To determine the distributions of the contact forces that depend on the contact point location and the joint torques inserted by springs, we proceed with a static modelling of the finger. Additionally, the friction must be ignored and the grasping object has to be fixed.
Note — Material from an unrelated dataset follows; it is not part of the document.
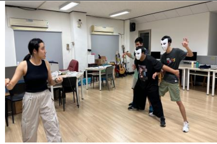
肢體表達與音樂融合
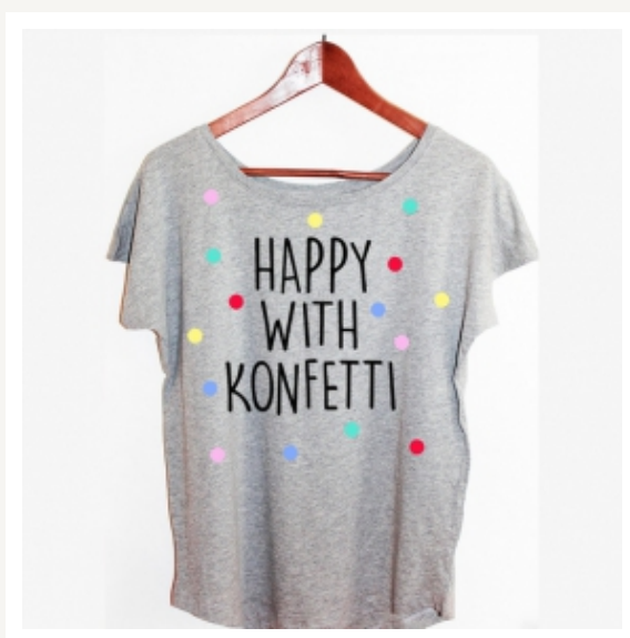
T-Shirts mit Punkten

Equating the input and the output virtual powers of the finger [15] yields:

T^{T} ω_{a} = F^{T} v

(1)

where T is the input torque vector by the actuator and springs, $ω_{a}$ is the corresponding velocity vector, F is the contact force vector, and v is the projected velocity vector of the contact points; i.e.,

T = [\begin{matrix} T_{1} \\ T_{s 2} = - K_{2} Δ θ_{2} \\ T_{s 3} = - K_{3} Δ θ_{3} \\ \dots \\ T_{s n} = - K_{n} Δ θ_{n} \end{matrix}] \begin{matrix} , \end{matrix} ω_{a} = [\begin{matrix} {\dot{θ}}_{1 a} \\ {\dot{θ}}_{2 a} \\ {\dot{θ}}_{3 a} \\ \dots \\ {\dot{θ}}_{n} \end{matrix}] \begin{matrix} , \end{matrix} F = [\begin{matrix} F_{1} \\ F_{2} \\ F_{3} \\ \dots \\ F_{n} \end{matrix}] a n d \begin{matrix} ​ \end{matrix} v = [\begin{matrix} v_{y c 1} \\ v_{y c} ​_{2} \\ v_{y c} ​_{3} \\ \dots \\ v_{y c} ​_{n} \end{matrix}]

(2)

where K_i is the stiffness of the torsional spring located at joint O_i, and $Δ_{i}, i > 1$ is the difference between the current and initial angles of the joint O_i.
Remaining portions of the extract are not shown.